Posted on Monday, December 14, 2020

By Nicole Kelesoglu

Topic: What is Trending in Science

Plant epigenetics research is an attractive approach to enhance crops, rooted to accurate methylome analysis in a complex context. The performance of the Enzymatic Methyl-seq method merits replacing bisulfite conversion for high resolution plant methylation studies. Recently a team from the University of California Los Angeles took this leading-edge epigenomics method to task, comparing it to whole genome bisulfite sequencing (WGBS) results with Arabidopsis thaliana samples. Discover how researchers can improve studies of any eukaryotic methylome and you might become an EM-seq convert.

Appreciating crop developers

When we enjoy a good meal how often do we appreciate the origin of our food? As a bit of an archeology nerd, I find it fascinating to consider how ancient Native American societies used selective breeding over many centuries to produce remarkably nutritious crops like maize, potatoes, cassava, chocolate, beans, squash, tomatoes and peppers. The collective efforts of these ancient crop breeders produced around three-fifths of the crops now in cultivation - a fact seldom noted around dinner tables. In a corresponding manner, the work done by biologists today to enhance crops deserves appreciation. Plant genomics research has important implications to reduce hunger, protect the environment, and improve quality of life for everyone. It's a marvel how molecular biology can be applied to accelerate plant breeding.

The plant methylation approach

Many plant biologists consider methylation an appealing approach to improve agricultural plants that might have otherwise been developed through traditional plant breeding techniques. You can read more in this open access Argonomy review by Mercé et al. (2020) Induced Methylation in Plants as a Crop Improvement Tool: Progress and Perspectives. Some current research goals include crop drought tolerance, disease resistance and higher yields.

Scientists conducting methylome studies in the Arabidopsis thaliana plant model system find it reliable for developing molecular insights for crop enhancements and much more. Plant epigenetics pathways in general are more diverse than animal systems. Plant methylomes illustrate this fact by showing methylation in CG and non-CG contexts. These sites include CG, CHG and CHH contexts, (where H can be A, T, or C), and the asymmetric CHH sequence context (where H is A, T or C). Even given this increased complexity, studies using the Arabidopsis thaliana plant as a model system have reliably generated critical knowledge for both plant and animal genetics. Around 88% of Arabidopsis papers get referenced by non-Arabidopsis papers. Apparently it has been quite useful that this organism can tolerate mutations that nearly eliminate methylation. Plasticity is a virtue for science. Methylome studies using Arabidopsis have anticipated exciting tools to bring the best natural traits out of crops, as well as extending our understanding of conserved epigenetic phenomena that are relevant to human health.

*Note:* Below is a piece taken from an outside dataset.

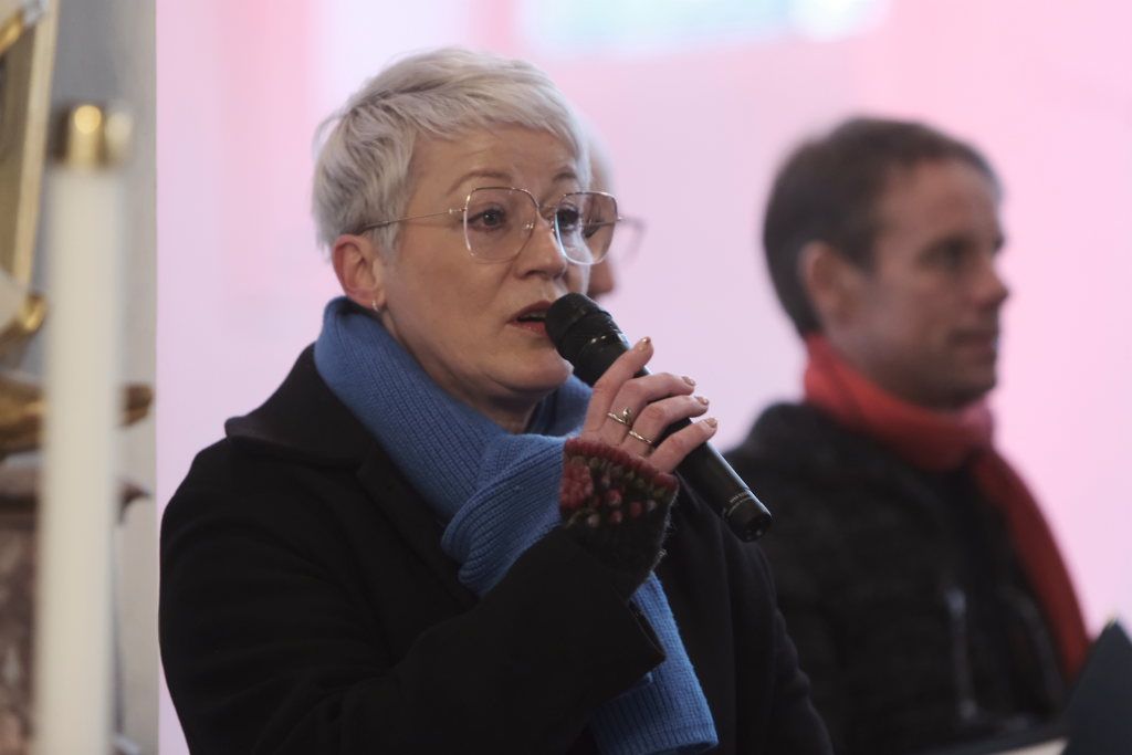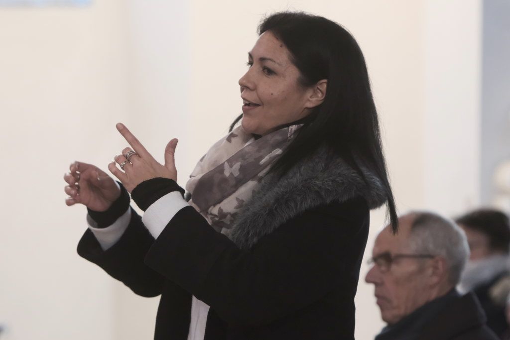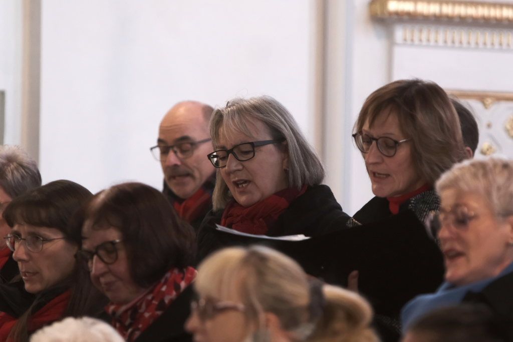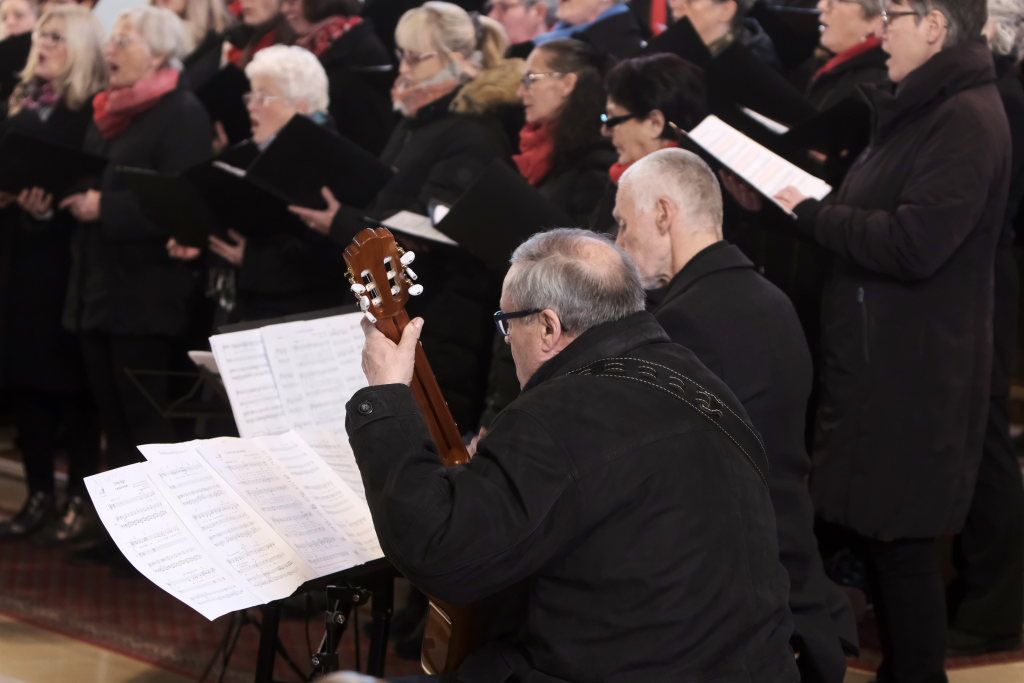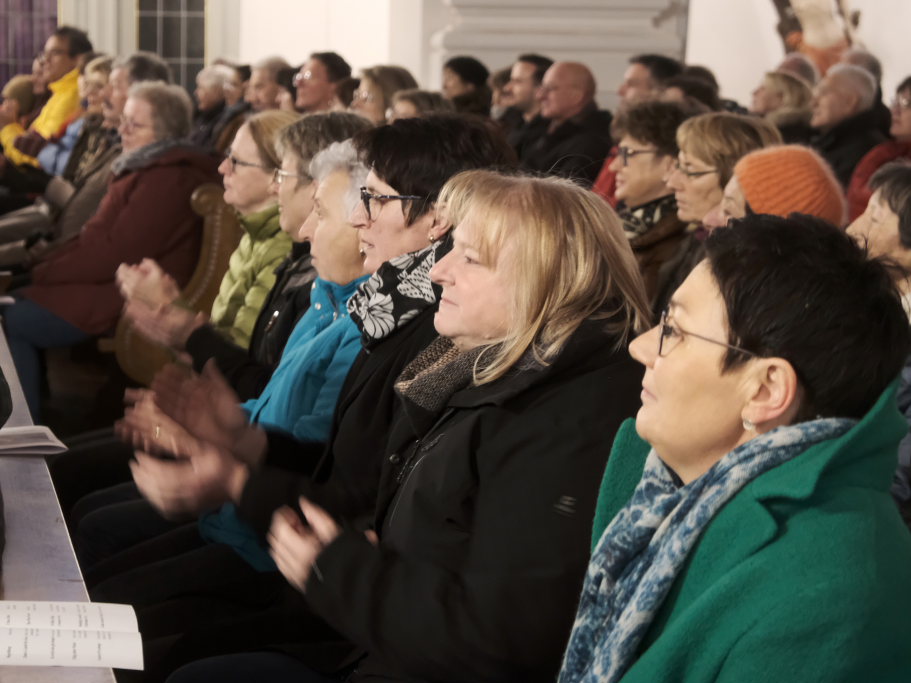 Nach der Begrüßung durch Vorstandsmitglied Bettina Sgier sang der am Klavier von Robert Häusle und Rainer Uhl an der Gitarre begleitete gemischte Chor das berührende Chorlied „Zünd a Liacht für di an“, das der österreichische Komponist Lorenz Maierhofer 2018 für einen schwer erkrankten Freund schrieb. Das „Goldkehlchen“ Corinna Miller (O-Ton Bettina Sgier) sorgte als Solistin für einen ersten Höhepunkt des Konzertes.

The question is can we improve the accuracy and reliability of plant methylome studies in general?

Based on a new report by UCLA researchers comparing the Enzymatic Methyl-seq method against whole genome bisulfite sequencing, the answer is yes.

The cons of bisulfite conversion

First off, please forgive me because I am going to begin by explaining the drawbacks of a substance that has provided tremendous epigenomics insights. Observed in its isolated state, sodium bisulfite / NaHSo3 is a chemical solid with acute toxicity to skin, eyes and lungs, with the “bonus” property of wafting the scent of rotten eggs.

Sound attractive? Not really.

However, it IS useful. Applications include treating drinking water, preventing corrosion, wine making, as a food preservative, and my personal favorite; its use in powerful epigenomics methods, as described in the seminal paper by Frommer et al., 1992. Bisulfite-seq has been the foundational method for methylome studies, bar none. Back in 2008, Hikoya Hayatsu, one of the two discoverers of this chemical, offered a personal account of its use in DNA methylation analysis, referring to bisulfite as a “fascinating” agent with “mysterious” actions. (I love that sort of rare prose found in scientific reports.) It’s fair to add the descriptive term “influential”, since the impact of bisulfite-seq has been tremendous in so many areas of epigenetics research.

The value of NaHSO3 to genomics is its property of selectively converting unmethylated cytosine in DNA into uracil, while leaving methylated and hydroxy methylated CpG dinucleotides unchanged. This is followed up with pcr using a DNA Polymerase that will amplify the uracil as thymine. Q5U® Hot Start High-fidelity DNA Polymerase is a very good choice (NEB #M0515), because no initial activation time is required, and the buffer composition is optimized for AT-rich pcr. Simply put, the transformation looks like this: ATCG → ATUG → ATTG. Bisulfite treated libraries can then be compared to a reference genome to show methylation status at C/T positions with single base pair resolution. Finally, you get to go figure out what all your data means in your study scenario.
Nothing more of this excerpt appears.